Recently I wrote a blog post explaining the 10 general physical skills but there was one skill that gave me pause while writing: flexibility.  My hesitation stems from my concern that we are confusing flexibility with mobility.  While they are often used interchangeably and certainly are connected, they are not the same thing.

Flexibility is a measure of your muscles’ ability to stretch and is generally tested by static or even passive stretching.  Mobility on the other hand, is your ability to function through a particular range of motion.

Tissue flexibility is one criteria for mobility but it is not the only component.  Our Olympic Lifting coach for example predicted, based on my inability to touch my toes (tight hamstrings), that I would lack the mobility required to execute an effective squat snatch.  I promptly proved him wrong.  HeeHee on the other hand, who is much more flexible than me and has a better ass-to-grass static squat hold than me, often struggles to get below parallel in her squat snatch.  If tissue flexibility was the only determinant of mobility, this could not be the case.

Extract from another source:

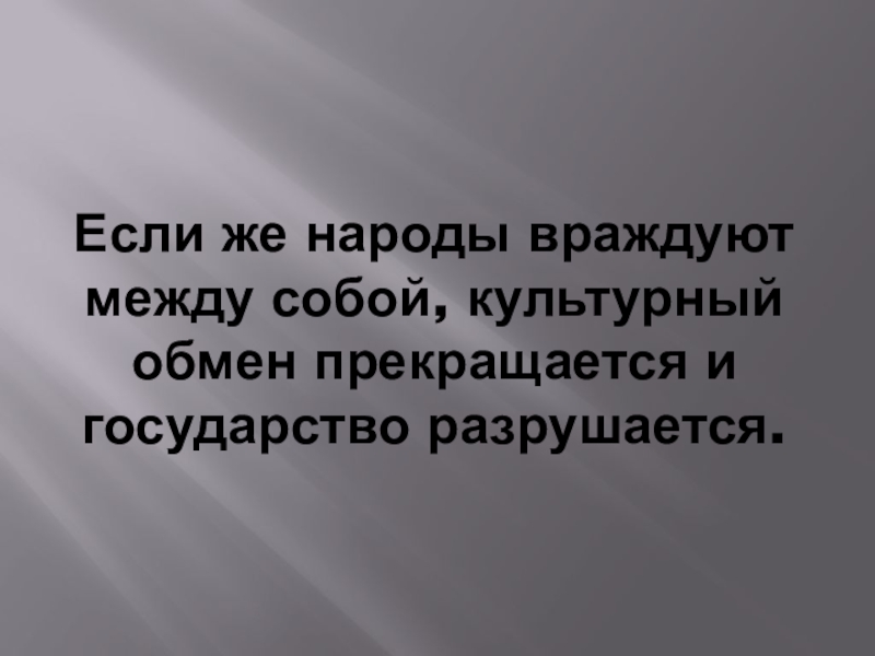 Слайд 27Если же народы враждуют между собой, культурный обмен прекращается и государство

But stability is another key component to mobility.  Your neurological system in its wisdom will not allow you into a position if you do not possess the ability to safely stabilize in that position under load.  This is one reason I love to practice paused squats in warm ups so that my body gets used to being loaded in a deep squat.

And this is why hours spent with foam rollers and lacrosse balls occur to me as wasted efforts that yield at best, temporary improvements in mobility.  In fact, I’ve rarely seen athletes make significant permanent mobility gains using passive stretching methods like these.

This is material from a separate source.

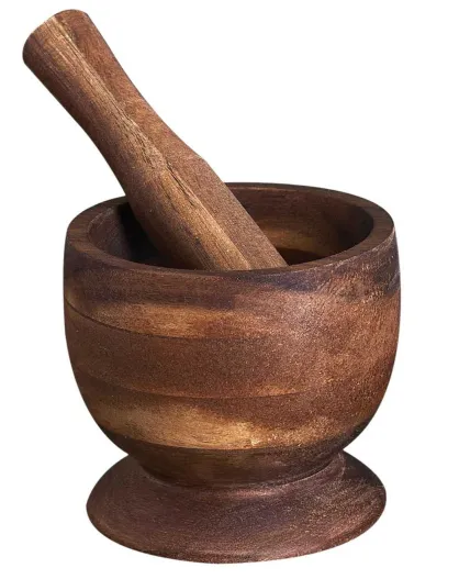 Mortier et pilon en Acacia marron - 12x10.5x12 cm
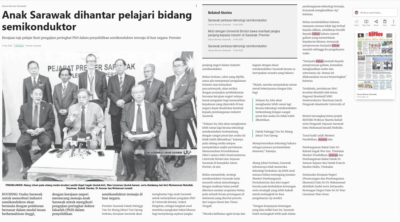 Bernama (2026) Anak Sarawak dihantar pelajari bidang semikonduktor. Utusan Borneo (Sarawak). |

The Original Strength methodology is far more appealing because the program incorporates movements that simultaneously stretch and strengthen the tissues you’re seeking to mobilize creating very real, functional and lasting change as you learn to mobilize AND stabilize through a range of motion.

Original Strength also works on breathing, bracing and core strength which are all important components of developing the stability required to achieve true functional mobility as discussed in the video above.

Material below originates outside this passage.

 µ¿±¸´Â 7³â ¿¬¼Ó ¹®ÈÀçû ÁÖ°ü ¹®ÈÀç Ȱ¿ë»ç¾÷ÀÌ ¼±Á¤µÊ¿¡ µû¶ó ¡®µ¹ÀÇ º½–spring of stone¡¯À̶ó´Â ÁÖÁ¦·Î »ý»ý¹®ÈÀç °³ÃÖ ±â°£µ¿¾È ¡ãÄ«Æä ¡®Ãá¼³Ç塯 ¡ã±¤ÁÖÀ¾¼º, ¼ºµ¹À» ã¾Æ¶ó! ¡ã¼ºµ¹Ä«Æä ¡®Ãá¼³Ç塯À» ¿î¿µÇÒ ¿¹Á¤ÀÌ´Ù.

But mobility is still more complex than that as we learned when my coach Andy visited last year.  With a simple eye exercise he was able to improve a person’s squat depth because the vestibular system helps us navigate the world and helps us develop the sense of stability, in this case balance, required to move through it.  Lacking this, our neurological system will again not permit us access to our full range of motion.  That’s why a few simple eye and head Original Strength exercises allows me to suddenly touch my toes despite my tight hamstrings.

I don’t think the CrossFit use of the word flexibility fully encompasses the intent of our fitness practice.  To my mind, mobility is where it’s at and Original Strength offers some excellent tools for developing the complex components that together contribute to mobility.  Without bands or balls or rollers my body is becoming more supple and more integrated thanks to a few minutes of daily practice.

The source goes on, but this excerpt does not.